### ENTRIES SHOWN ###

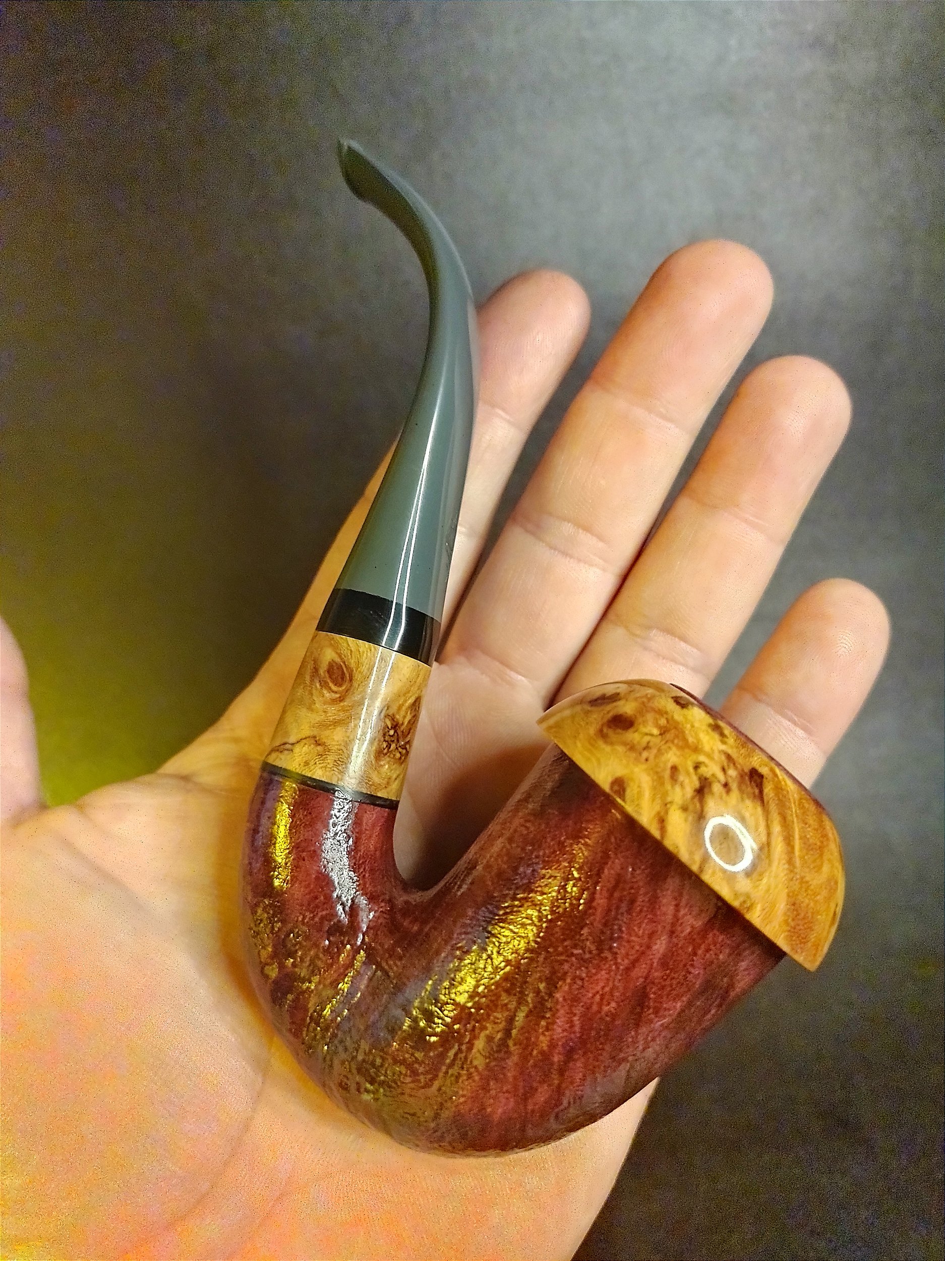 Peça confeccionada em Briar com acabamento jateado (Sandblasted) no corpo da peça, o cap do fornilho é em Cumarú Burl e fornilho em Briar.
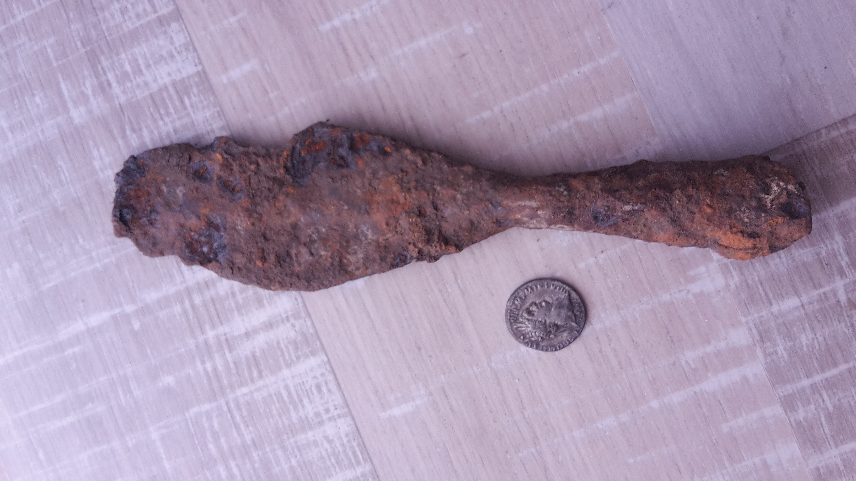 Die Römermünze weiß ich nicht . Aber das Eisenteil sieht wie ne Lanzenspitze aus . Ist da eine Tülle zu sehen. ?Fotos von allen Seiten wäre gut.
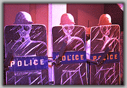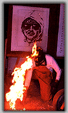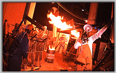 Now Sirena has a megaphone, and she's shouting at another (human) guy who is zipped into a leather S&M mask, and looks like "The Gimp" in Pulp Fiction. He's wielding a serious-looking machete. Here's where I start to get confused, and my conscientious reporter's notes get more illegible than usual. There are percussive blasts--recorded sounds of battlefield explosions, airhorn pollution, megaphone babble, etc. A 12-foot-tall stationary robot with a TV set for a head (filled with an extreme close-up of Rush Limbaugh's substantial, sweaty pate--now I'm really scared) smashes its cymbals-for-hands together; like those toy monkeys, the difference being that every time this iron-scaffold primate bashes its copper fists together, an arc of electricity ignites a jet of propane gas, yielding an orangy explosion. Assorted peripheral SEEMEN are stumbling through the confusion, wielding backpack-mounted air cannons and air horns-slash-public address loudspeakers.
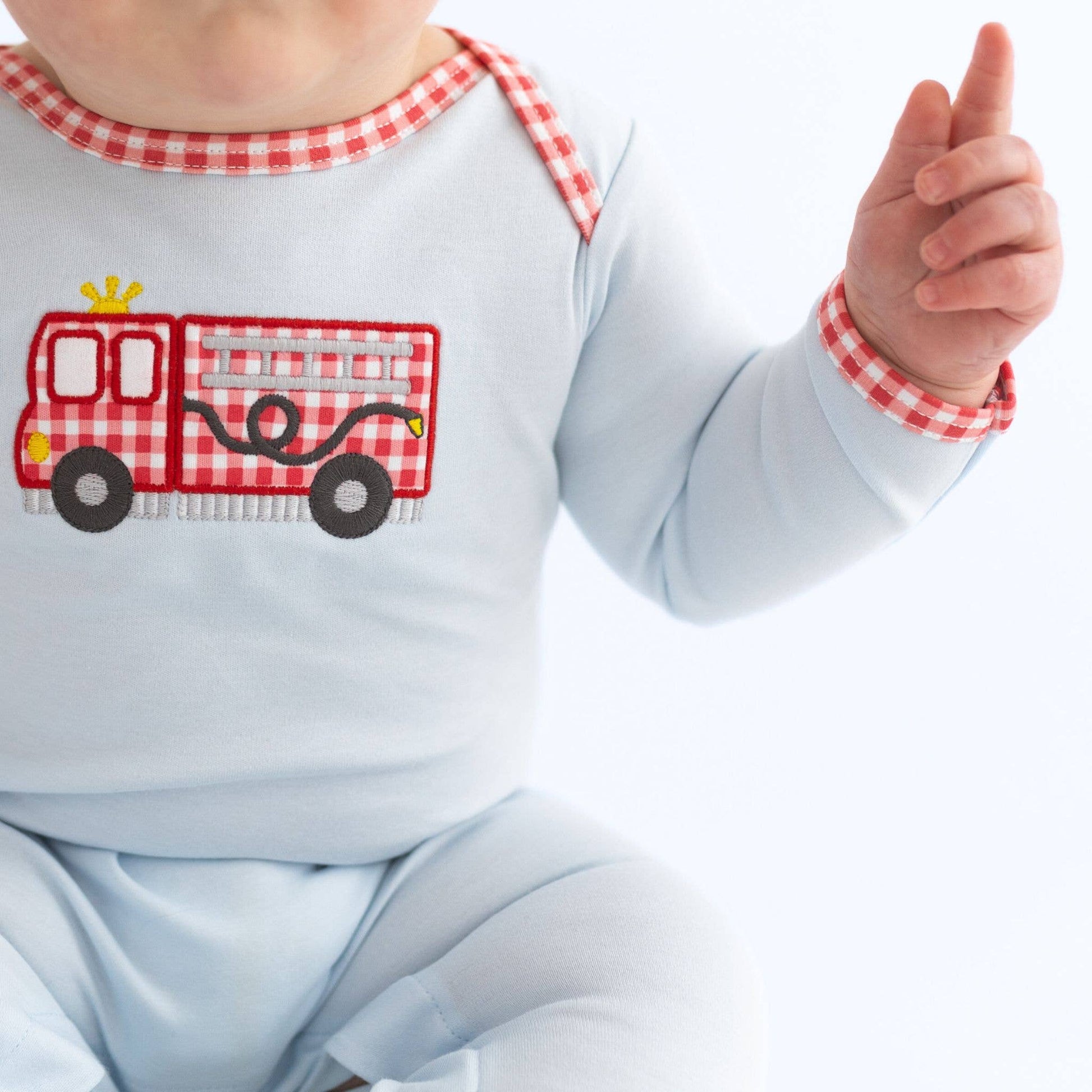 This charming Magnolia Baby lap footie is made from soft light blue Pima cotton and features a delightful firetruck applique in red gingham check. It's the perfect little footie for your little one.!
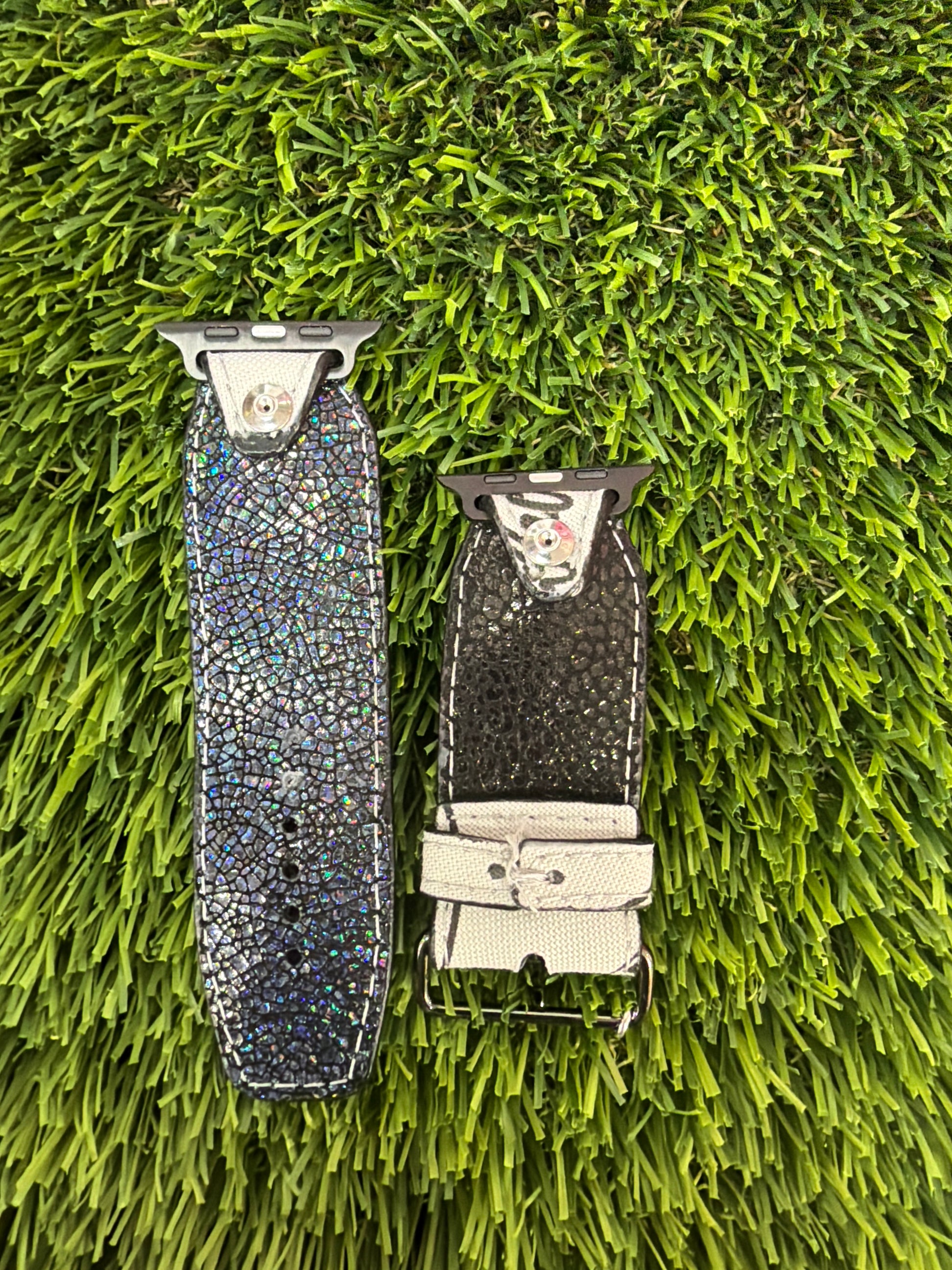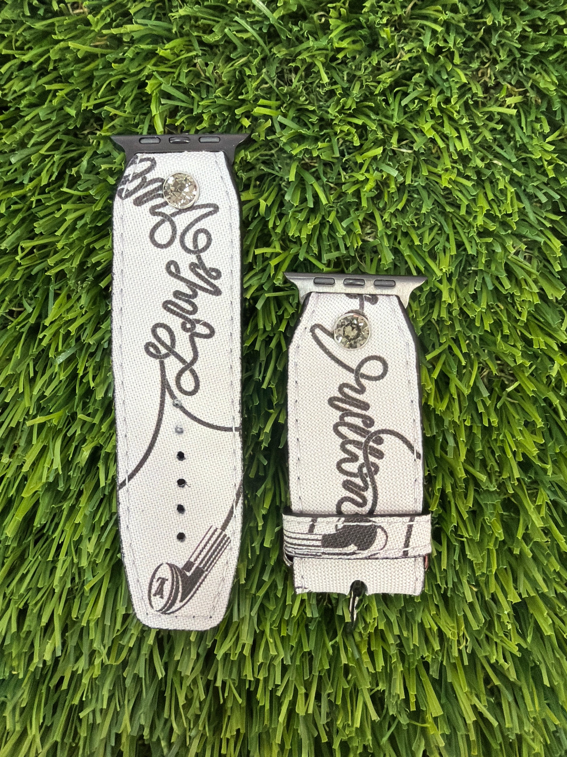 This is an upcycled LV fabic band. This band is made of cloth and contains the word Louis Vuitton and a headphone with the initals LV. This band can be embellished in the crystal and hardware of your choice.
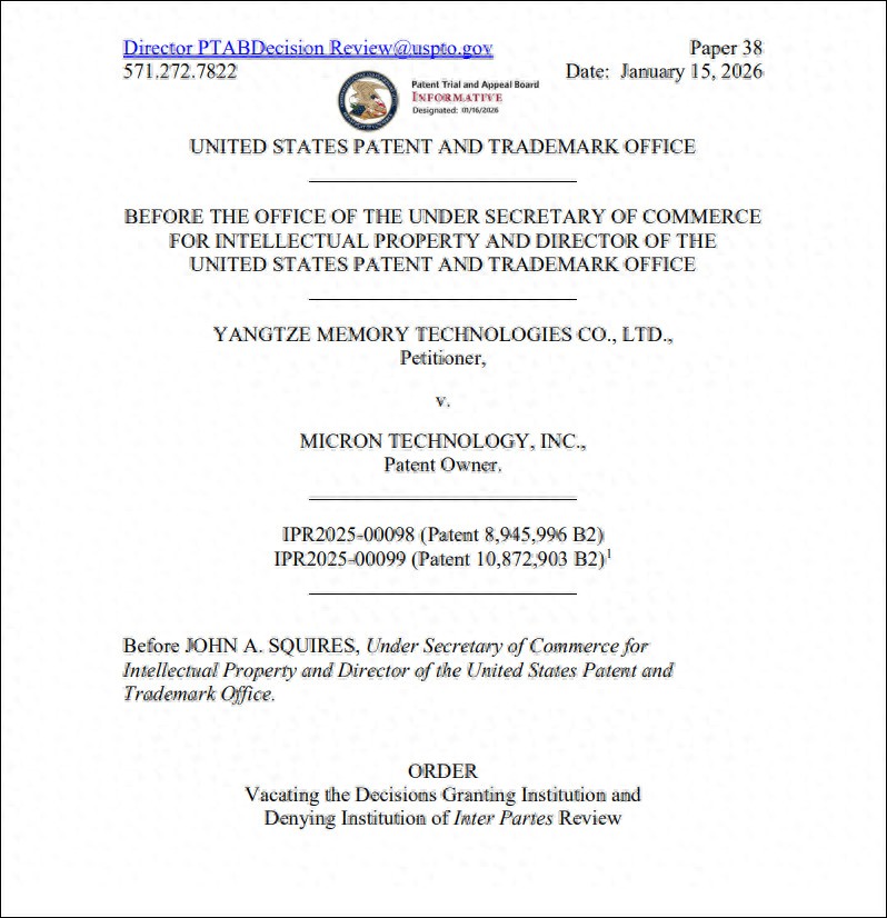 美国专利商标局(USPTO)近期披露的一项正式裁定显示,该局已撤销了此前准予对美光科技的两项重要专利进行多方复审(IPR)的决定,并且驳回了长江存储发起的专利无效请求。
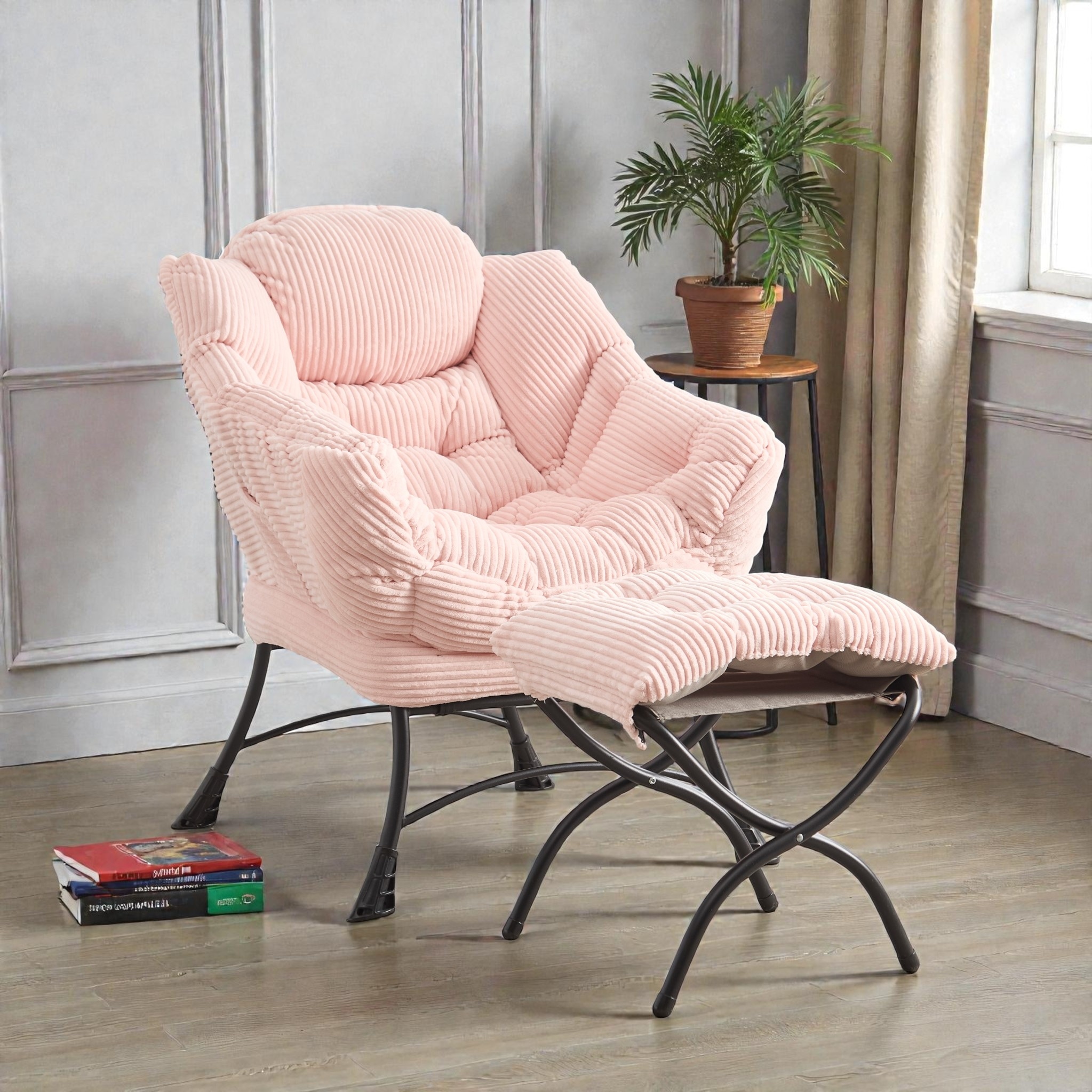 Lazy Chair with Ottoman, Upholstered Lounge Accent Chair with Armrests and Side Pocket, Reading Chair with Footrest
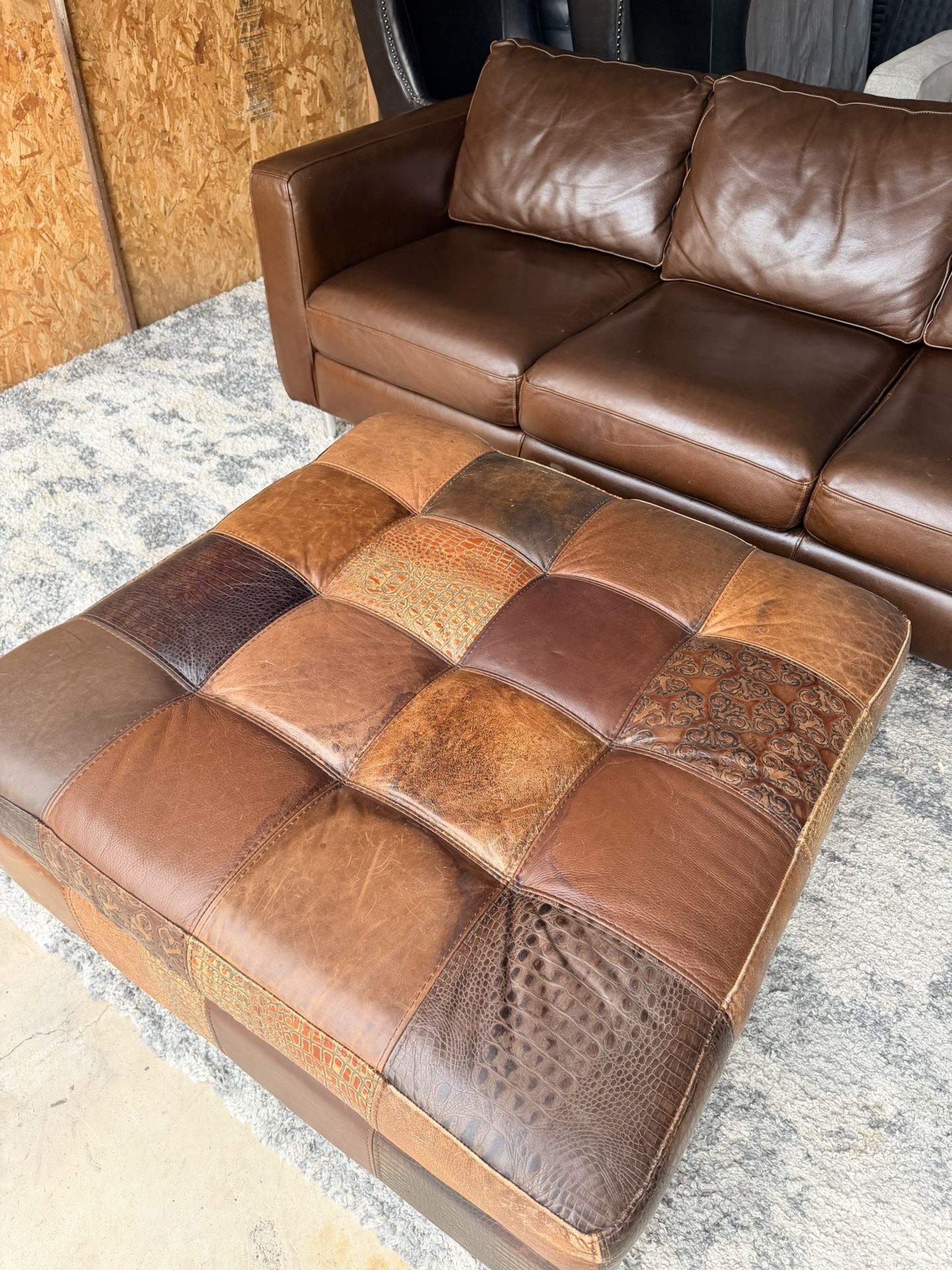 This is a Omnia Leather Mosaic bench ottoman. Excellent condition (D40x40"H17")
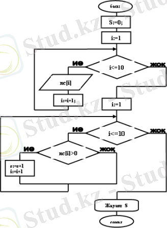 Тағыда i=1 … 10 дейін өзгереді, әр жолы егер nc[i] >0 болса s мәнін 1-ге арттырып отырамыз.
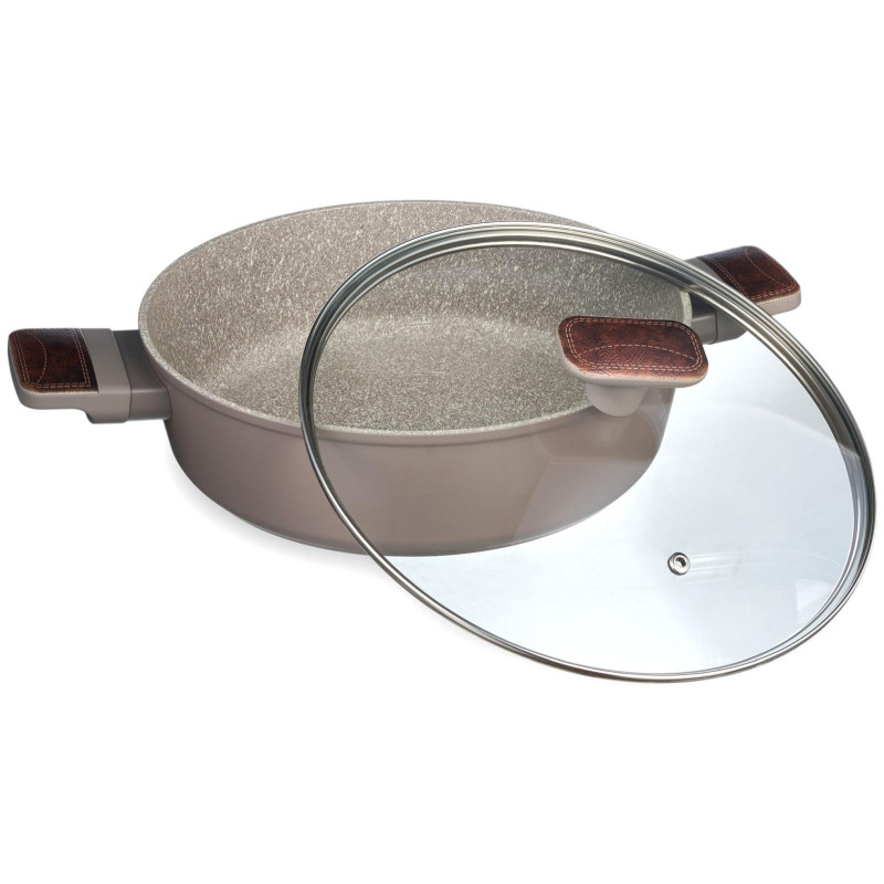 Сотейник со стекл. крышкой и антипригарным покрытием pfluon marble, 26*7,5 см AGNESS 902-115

###

- [TASK DIRECTIONS]
Give back each line above verbatim, dropping every picture.

- [WRITTEN RESPONSE]
 Peça confeccionada em Briar com acabamento jateado (Sandblasted) no corpo da peça, o cap do fornilho é em Cumarú Burl e fornilho em Briar.
 Die Römermünze weiß ich nicht . Aber das Eisenteil sieht wie ne Lanzenspitze aus . Ist da eine Tülle zu sehen. ?Fotos von allen Seiten wäre gut.
 Now Sirena has a megaphone, and she's shouting at another (human) guy who is zipped into a leather S&M mask, and looks like "The Gimp" in Pulp Fiction. He's wielding a serious-looking machete. Here's where I start to get confused, and my conscientious reporter's notes get more illegible than usual. There are percussive blasts--recorded sounds of battlefield explosions, airhorn pollution, megaphone babble, etc. A 12-foot-tall stationary robot with a TV set for a head (filled with an extreme close-up of Rush Limbaugh's substantial, sweaty pate--now I'm really scared) smashes its cymbals-for-hands together; like those toy monkeys, the difference being that every time this iron-scaffold primate bashes its copper fists together, an arc of electricity ignites a jet of propane gas, yielding an orangy explosion. Assorted peripheral SEEMEN are stumbling through the confusion, wielding backpack-mounted air cannons and air horns-slash-public address loudspeakers.
 This charming Magnolia Baby lap footie is made from soft light blue Pima cotton and features a delightful firetruck applique in red gingham check. It's the perfect little footie for your little one.!
 This is an upcycled LV fabic band. This band is made of cloth and contains the word Louis Vuitton and a headphone with the initals LV. This band can be embellished in the crystal and hardware of your choice.
 美国专利商标局(USPTO)近期披露的一项正式裁定显示,该局已撤销了此前准予对美光科技的两项重要专利进行多方复审(IPR)的决定,并且驳回了长江存储发起的专利无效请求。
 Lazy Chair with Ottoman, Upholstered Lounge Accent Chair with Armrests and Side Pocket, Reading Chair with Footrest
 This is a Omnia Leather Mosaic bench ottoman. Excellent condition (D40x40"H17")
 Тағыда i=1 … 10 дейін өзгереді, әр жолы егер nc[i] >0 болса s мәнін 1-ге арттырып отырамыз.
 Сотейник со стекл. крышкой и антипригарным покрытием pfluon marble, 26*7,5 см AGNESS 902-115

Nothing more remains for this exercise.